Container-basierte und serverlose cloud-native Architekturen stellen die bedeutendsten Computing-Fortschritte für die Bereitstellung von Anwendungen in Unternehmen dar, seit VMware 1999 sein erstes Produkt, Workstation 1.0, vorgestellt hat.

Obwohl diese Technologien bei Flexibilität, Kosteneinsparungen und Skalierbarkeit eine Reihe von Vorteilen bieten, sind sie auch mit neuartigen sicherheitstechnischen Herausforderungen verbunden, die es bei der Migration von Anwendungen vom Rechenzentrum in die Cloud zu berücksichtigen gilt.

Bei sachgemäßer Umstellung kann für diese neuen Entwicklungs- und Bereitstellungsumgebungen ein noch nie dagewesenes Sicherheitsniveau erreicht werden. CISO sollte sich jedoch darüber im Klaren sein, welchen Einfluss diese modernen Technologien auf den Sicherheits- und Compliance-Status seiner Organisationen haben, wenn das Unternehmen sie in der Produktion einführt, und seine Erwartungen im Vergleich zu den vorhandenen Tools und Methoden neu justieren.

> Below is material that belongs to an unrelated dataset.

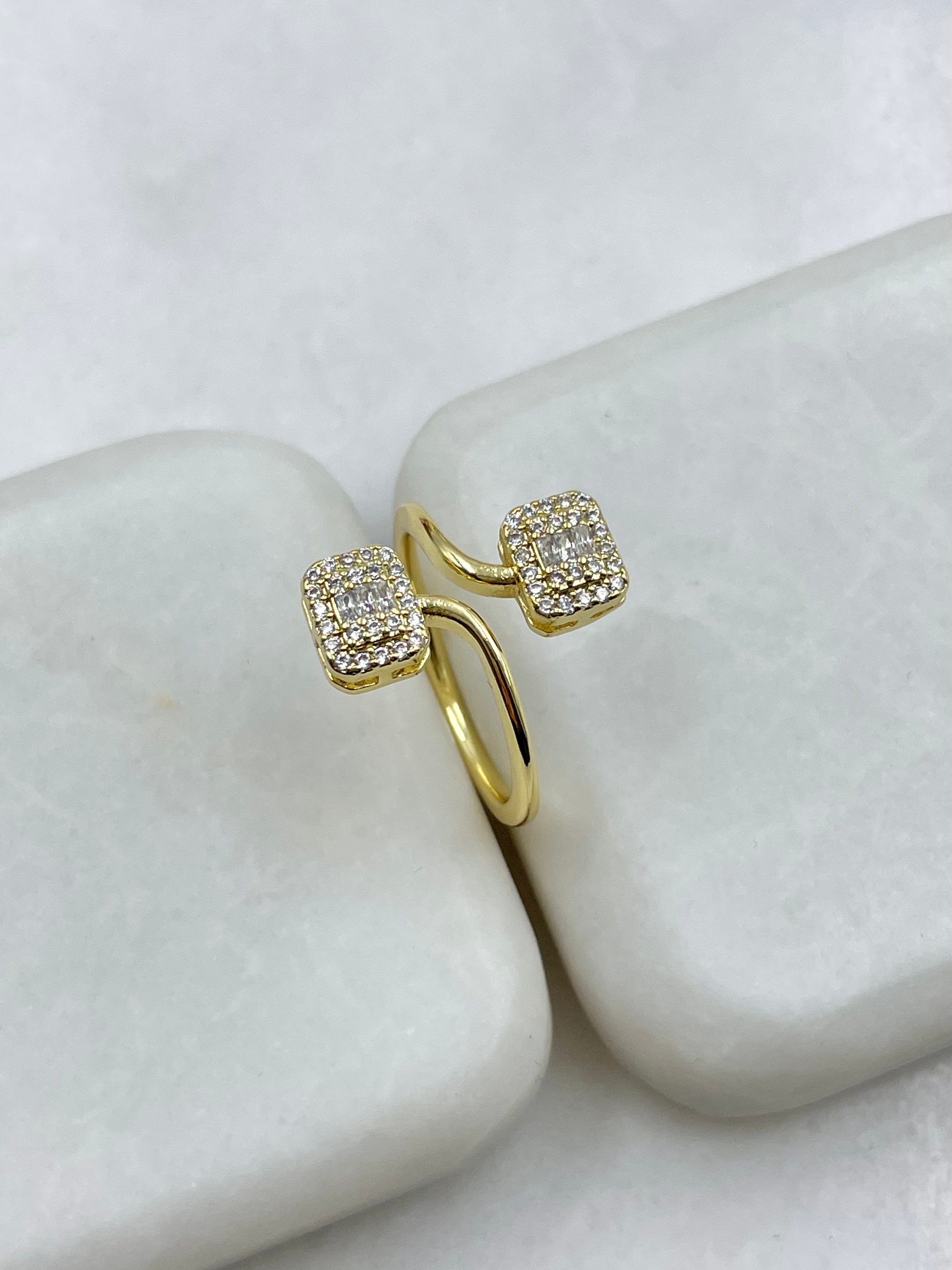 Altın Kaplama Baget ve Gömme Taşlı Birleşim Dikdörtgen Yüzük Gold

Früher hatten Sicherheitsabteilungen die Möglichkeit, auch noch kurz vor der Umstellung von Anwendungen auf die Live-Produktionssysteme prüfend und beratend einzugreifen.  Noch kurz vor einem Release wurden die erforderlichen Änderungen vorgenommen, häufig unter Inkaufnahme erheblicher Verzögerungen, um den bestehenden Anforderungen an Betrieb, Sicherheit und Compliance gerecht zu werden. Das war einmal. Die DevOps-Bewegung setzt ganz auf Geschwindigkeit und gibt Entwicklern das Rüstzeug an die Hand, Anwendungen schneller denn je zu entwickeln und bereitzustellen, oftmals auf Grundlage automatisierter Prozesse. Die IT-Sicherheit kann diesen Fortschritt nicht aufhalten und wird auf der Strecke bleiben, wenn sie versucht, ihn zu bremsen. CISOs sollte sich vorrangig mit der Entwicklung und Umsetzung einer Strategie beschäftigen, die einen proaktiven Umgang mit cloud-nativen Sicherheitsanforderungen ermöglicht.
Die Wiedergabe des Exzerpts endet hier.